> WHAT IS NEEDED
Within the lines below, the span from the line with "Подвеска из натурального" to the line with "This sweater features", both ends included, is to be reproduced exactly, with pictures omitted.

Entries taken from a collection:
============================================================

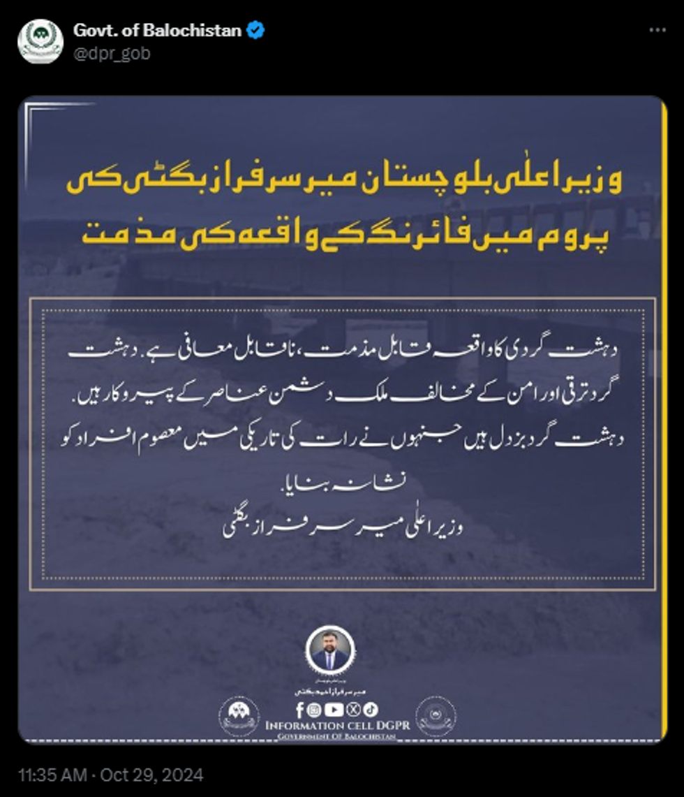 Balochistan Chief Minister Mir Sarfraz Bugti condemned the attack in statement issued by the Balochistan Provincial Government in a social media post Tuesday morning.
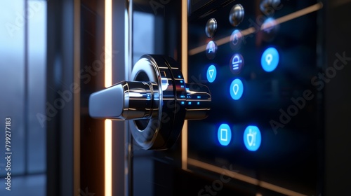 Detailed view of a digital door lock, focusing on the touchscreen interface and secure locking mechanism in a realistic setting
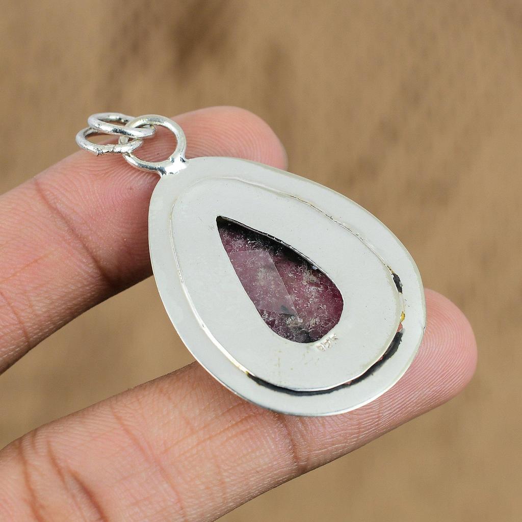 Подвеска из натурального родонита, ручная работа, серебро 925 пробы, индийские украшения
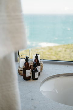 The villa has direct access to ‘Die Plaat’ Nature Reserve and is near the village of Gansbaai for supplies, including many excellent restaurants, golf courses and wine farms to visit. The village is also famous for great white shark viewing. The sun sets right in front of the property and provides a daily spectacle. This is an ideal spot to relax, read or write a book and rethink your life and love
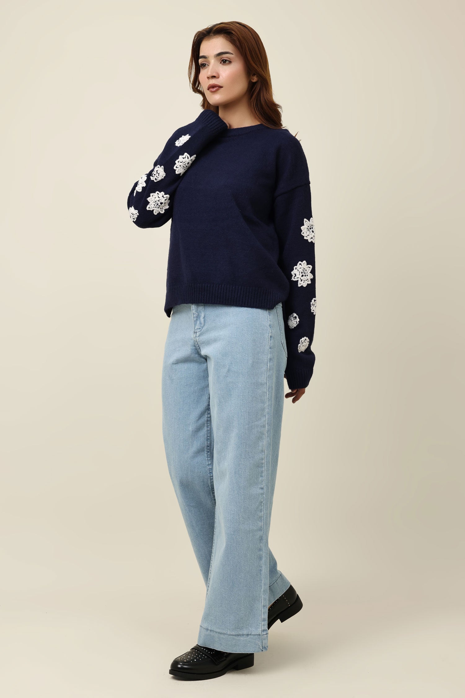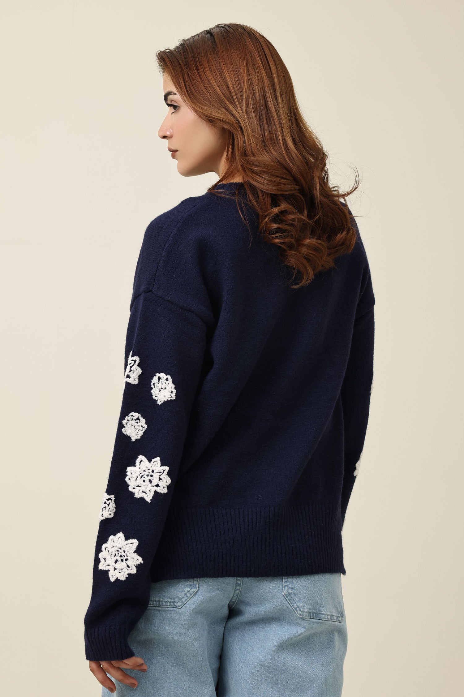 This sweater features delicately placed floral appliqués along the sleeves for an elevated tactile detail. The relaxed silhouette and ribbed finishes create a balanced, comfortable shape. designed to blend minimal structure with intricate embellishment, it brings a refined artisanal touch to everyday layering.
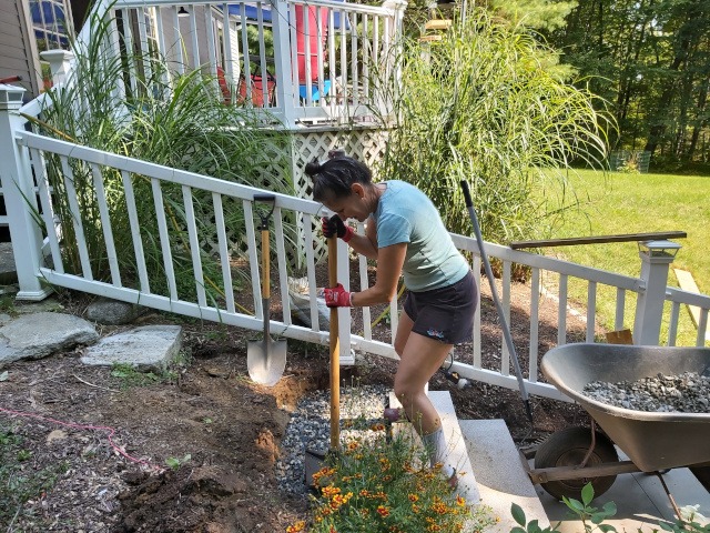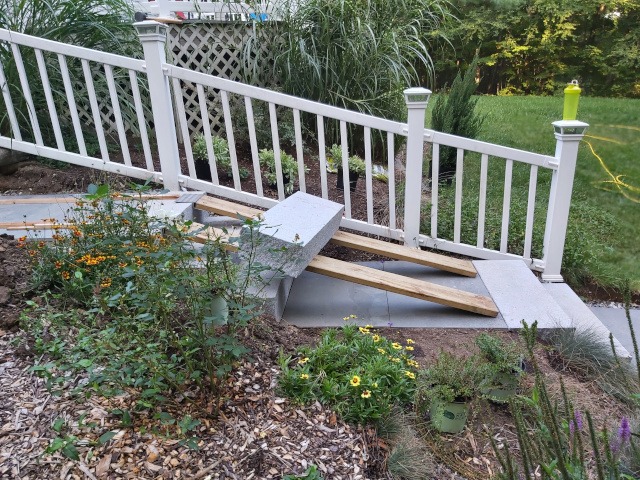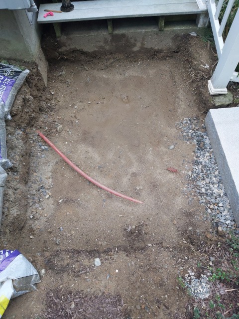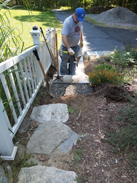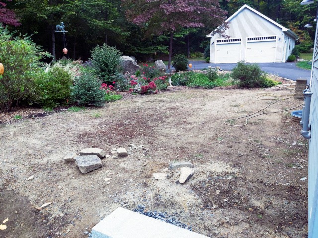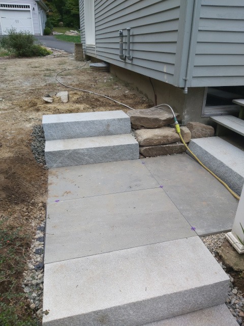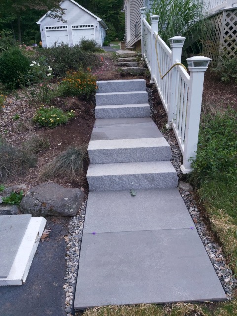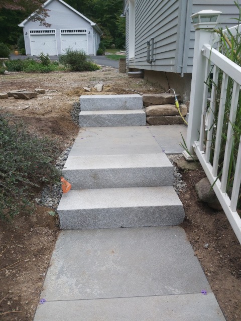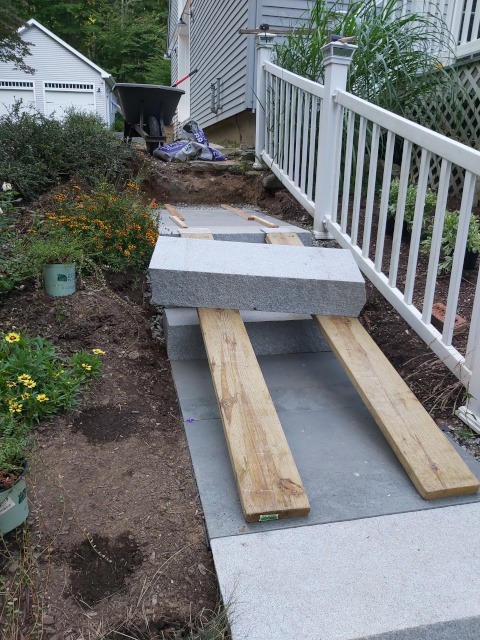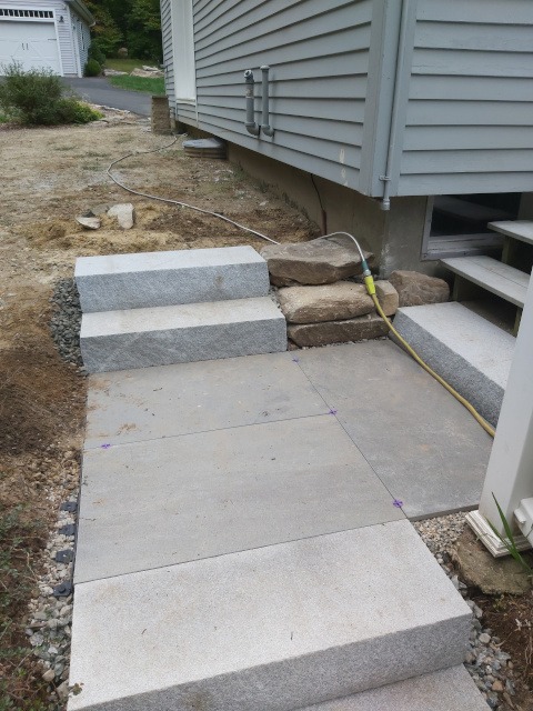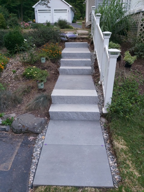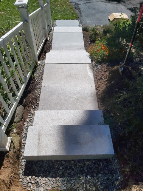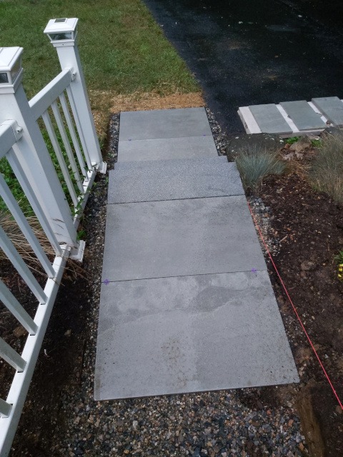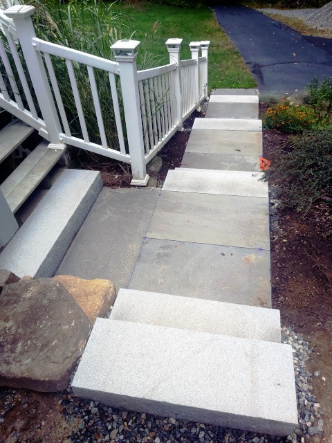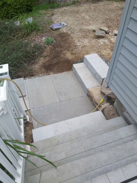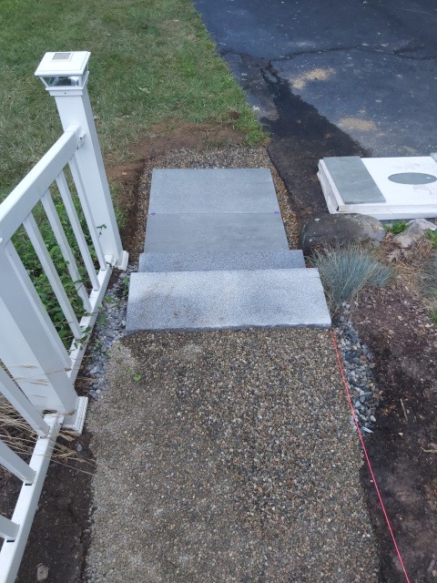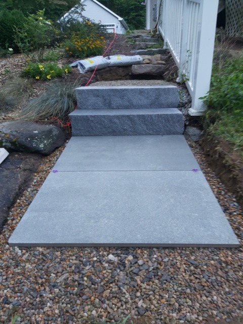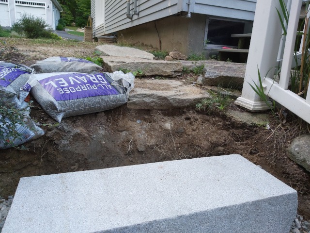 Kristina and I took a trip to a local granite distributer (Getty Granite). After that trip we decided on granite steps and blue stone pavers. Because the rise of the front garden required seven granite steps (seven inches tall) to reach the deck landing, but the run would have required 15 steps. Therefore, we needed landings. So, the plan was to use granite steps and blue stone pavers to cover the rise and run of the garden slope. This would require seven steps and two landings three feet wide by four feet long to reach the deck landing. Then two steps to reach paradise patio from the deck landing.

============================================================

> FINAL ANSWER
 Подвеска из натурального родонита, ручная работа, серебро 925 пробы, индийские украшения
 The villa has direct access to ‘Die Plaat’ Nature Reserve and is near the village of Gansbaai for supplies, including many excellent restaurants, golf courses and wine farms to visit. The village is also famous for great white shark viewing. The sun sets right in front of the property and provides a daily spectacle. This is an ideal spot to relax, read or write a book and rethink your life and love
 This sweater features delicately placed floral appliqués along the sleeves for an elevated tactile detail. The relaxed silhouette and ribbed finishes create a balanced, comfortable shape. designed to blend minimal structure with intricate embellishment, it brings a refined artisanal touch to everyday layering.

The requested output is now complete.